* [Excerpts from a dataset]

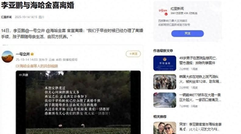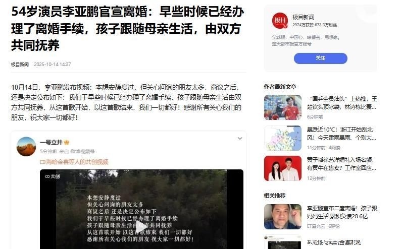 54岁演员李亚鹏官宣离婚:早些时候已经办理了离婚手续,孩子跟随母亲生活,由双方共同抚养.极目新闻.2025-10-14
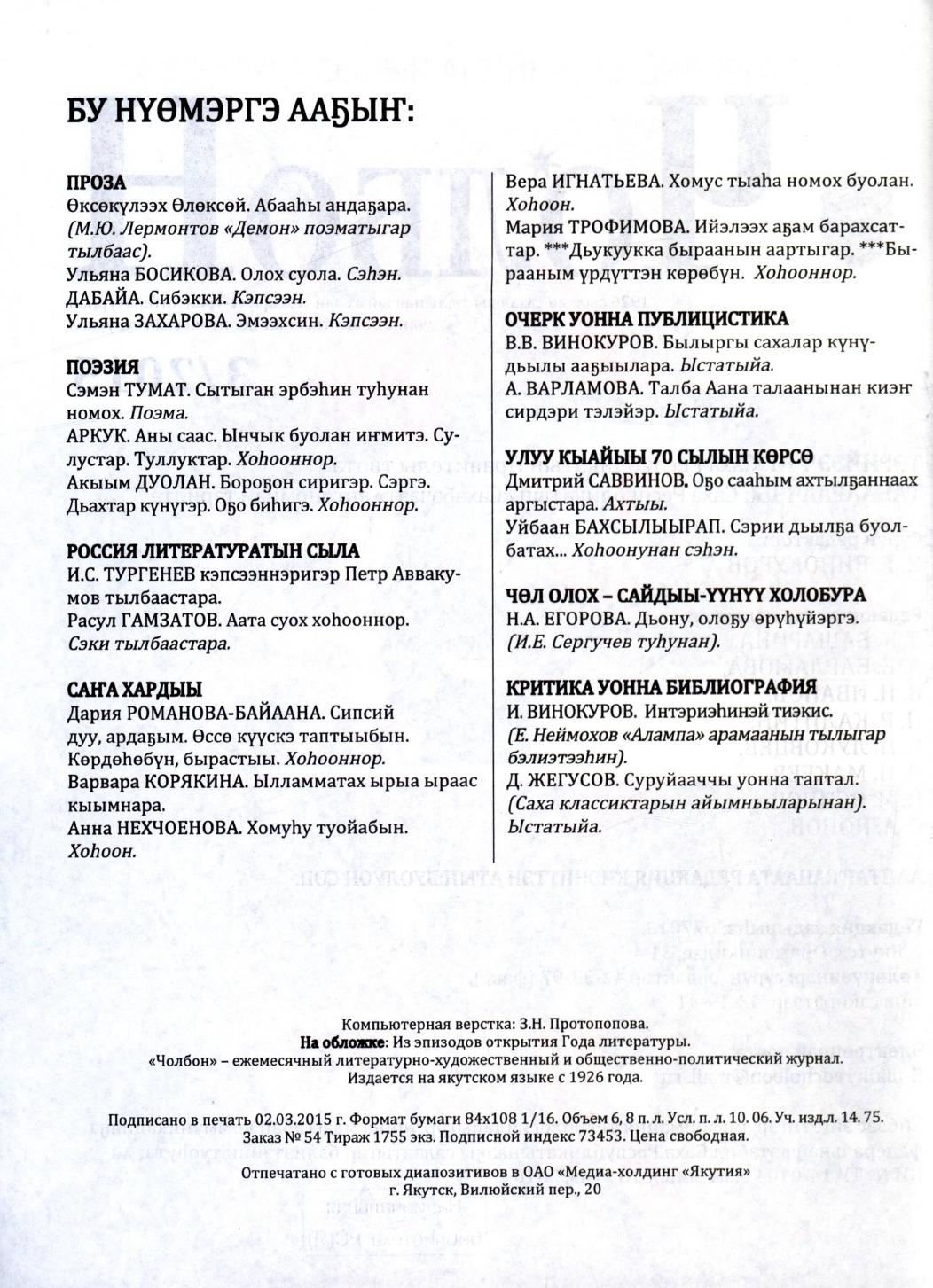 - 2. Чолбон: уус-уран литературнай уонна общественнай-политическай сурунаал, 2015, №2
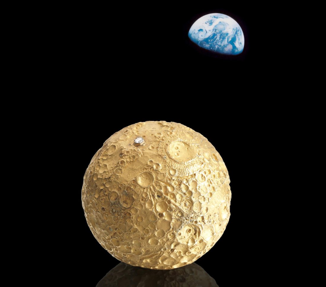 Ένα εντυπωσιακό και απόλυτα λεπτομερές γλυπτό, κατασκευασμένο από χρυσό 22 cts και διακοσμημένο με ένα διαμάντι, αποτίει φόρο τιμής στη διαστημική αποστολή του Apollo 11 και στην επιτυχημένη προσελήνωσή του το 1969.
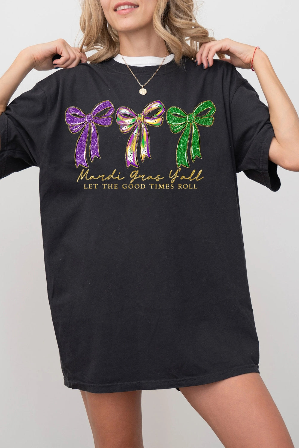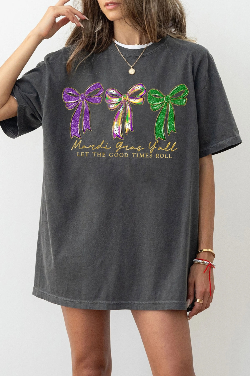 Preppy Mardi Gras Y'all Bows Tee For Women
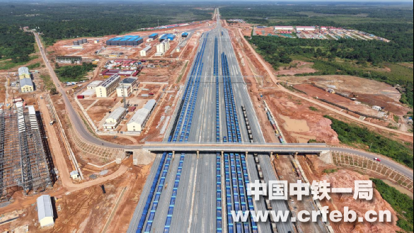 项目建设期间,在赢联盟西芒杜铁路公司精心组织下,项目部围绕节点任务目标,各参建单位紧密配合,积极开展各阶段专项劳动竞赛活动,持续掀起施工大干高潮。架梁施工克服雨季有效作业时间短、连续高墩桥占比多、全线最长桥施工周期长、桥梁运输安全风险高等挑战,采取分段推进、集中攻坚作业模式,投入使用两台架桥机进行双机双架。投入建设两个标准化梁场,日架梁最高突破30片,顺利于5月19日完成全部架梁任务,实现全线架梁贯通。项目部投入建设了“非洲首条智能化焊轨生产线”,采用“拖拉法”机械化铺设长轨,并创新开发了邻线“反拖拉铺轨法”,将铺轨效率提升了一倍,最高日铺轨10.8公里,于6月30日圆满完成正线全部铺轨施工任务,实现正线轨道铺设全线贯通,顺利兑现国务院国资委和全国工商联下达的标准轨贯通重大节点目标,为CTG铁路按期建成通车奠定了坚实基础。
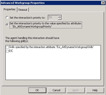 The Properties tab allows you to assign a priority to the interaction (0= lowest, 1000 = highest) by either setting a static value or by using the value contained in the ‘Eic_AttDynamicWorkgroupPriority’ interaction attribute.
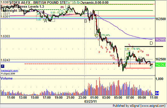 Stopped out of the last piece of the prior day’s long and then triggered short under Pivot early (half size) at A. That stopped, then we triggered short at B, might have stopped a piece of your trade, which is supposed to be a staggered exit above 20 pips plus spreads and it went 21 pips, and then hit first target at C and beyond, lowered stop and still holding final piece with stop over D:
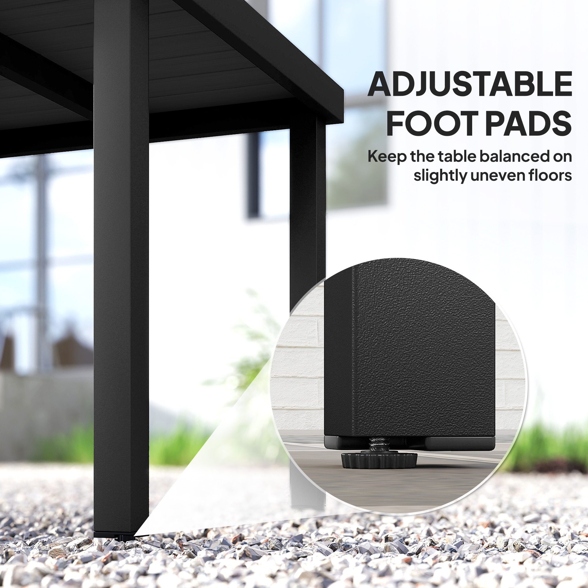 Serve dinner and seat 4 with Outsunny. This garden dining table is ready and stable whether placed on the patio, porch, or any other outdoor area. Made of water and weather-resistant plastic, it still offers the rustic style with less weight and easy cleanup. Supported by a square aluminium frame, it provides lots of space for 4 diners. This outdoor dining table on the balcony is great for dinner, drinks, afternoon tea, or coffee.
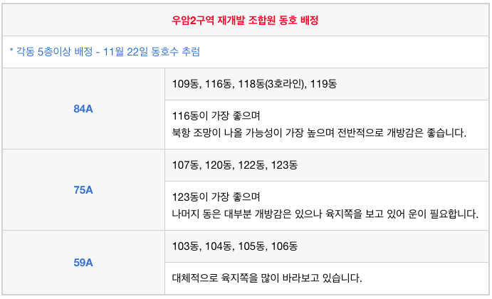 - 84A가 전반적으로 조망이 기대가 되며 다른 타입들은 소액으로의 장점을 가지고 있습니다.
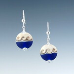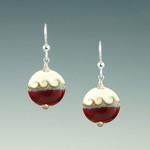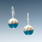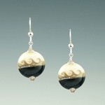 This distinctive round earring is half ivory and half color with a silver accent line in-between. One side has three waves while the other side has a single swirl design. Wear either side for a different look.
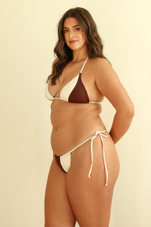 A classic scrunch bikini bottom with colorblocking down the middle. Featuring adjustable ties on each side. Pairs perfectly with our Ava Top.
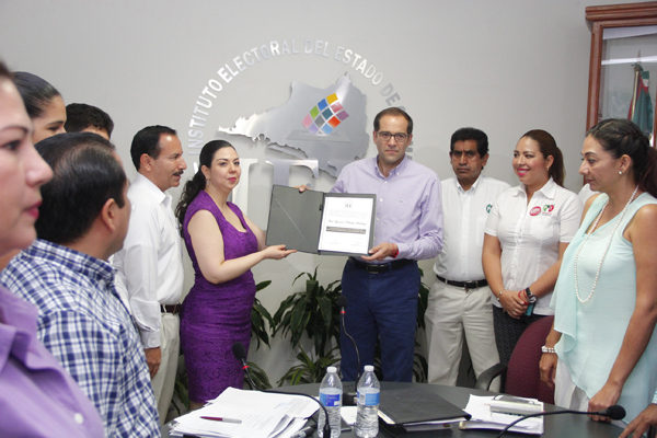 En sesión extraordinaria del Consejo General del Instituto Electoral del Estado, en donde se realizó el cómputo estatal de la elección de gobernador, se estableció que Nacho Peralta fue el ganador con 119 mil 437 votos. Acto seguido, la presidente del organismo electoral, Felícitas Alejandra Valladares Anguiano, procedió a la entrega de la constancia.
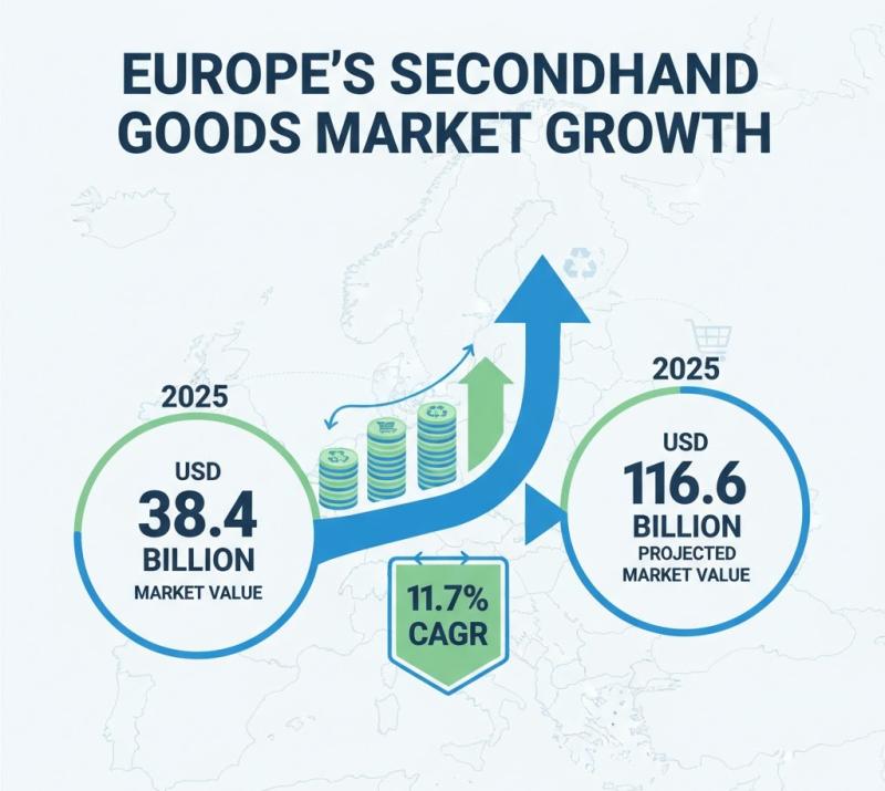 The Europe Secondhand Goods Market is set to witness a transformative decade, projected to grow from USD 38.4 billion in 2025 to USD 116.6 billion by 2035, registering an impressive CAGR of 11.7%, according to the latest market analysis. Growth is propelled by inflation-led thrift behavior, the rise of digital resale ecosystems, and policy support for circular trade practices.
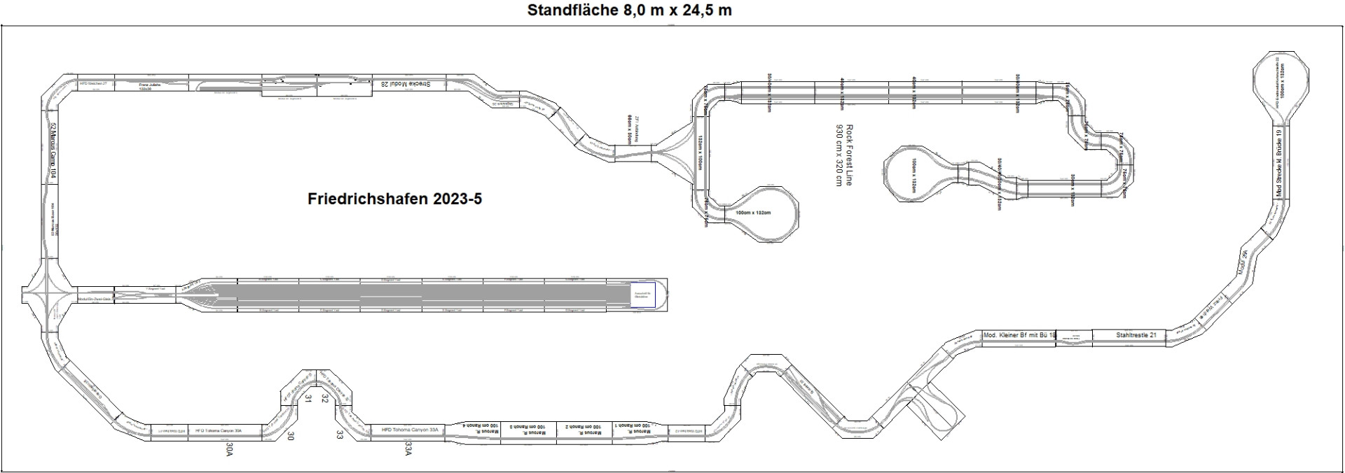 Unter anderem werden gezeigt: die US Z Lines mit der Rock Forest Line, den Modulen Hight Franks Division, den Modulen der SouthWest Division und auch Modulen der Austria Division. Natürlich gibt es auch neue Module. Wir fahren richtig lange Züge und freuen uns auf unsere Gast-Fahrer.
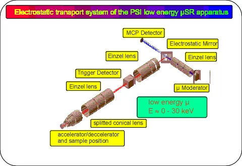 The first lens focuses the low-energy muons onto the electrostatic mirror which deflects them by 90 degree. The fast muons with energies above a few tens of keV are only slightly influenced by the mirror and are monitored by a MCP detector. The second lens creates an intermediate focus at the position of the trigger detector which gives the start signal for µSR measurements. The last 'Einzel-lens' focuses the low-energy muon beam to the sample region, where the conical shaped lens defines the final focus to reduce the beam spot size to 10 mm FWHM. The sample is mounted electrically insulated and can be set to a high voltage of up to +-12 kV in order to accelerate or decelerate the low-energy muon beam before implantation.
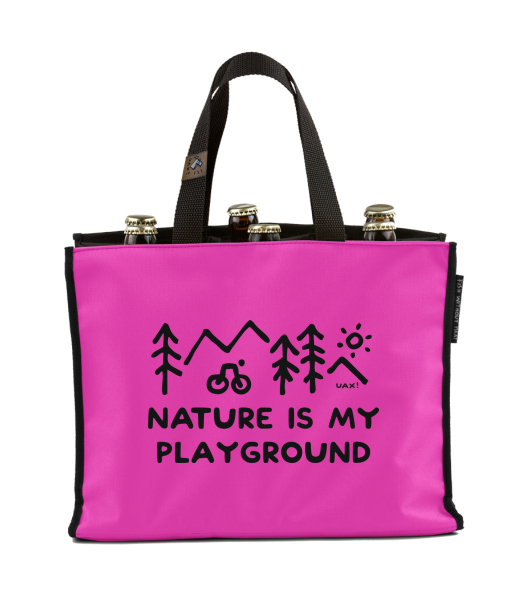BEER CARRIER - bag for beer with design 1223 NATURE IS MY PLAYGROUND in color INDIAN LILA

* [About this task] Restate the lines of the records exactly, starting at the first and stopping after the line with "Preppy Mardi Gras Y'all Bows Tee For Women". Leave out any picture.

* [Exercise response]
 54岁演员李亚鹏官宣离婚:早些时候已经办理了离婚手续,孩子跟随母亲生活,由双方共同抚养.极目新闻.2025-10-14
 - 2. Чолбон: уус-уран литературнай уонна общественнай-политическай сурунаал, 2015, №2
 Ένα εντυπωσιακό και απόλυτα λεπτομερές γλυπτό, κατασκευασμένο από χρυσό 22 cts και διακοσμημένο με ένα διαμάντι, αποτίει φόρο τιμής στη διαστημική αποστολή του Apollo 11 και στην επιτυχημένη προσελήνωσή του το 1969.
 Preppy Mardi Gras Y'all Bows Tee For Women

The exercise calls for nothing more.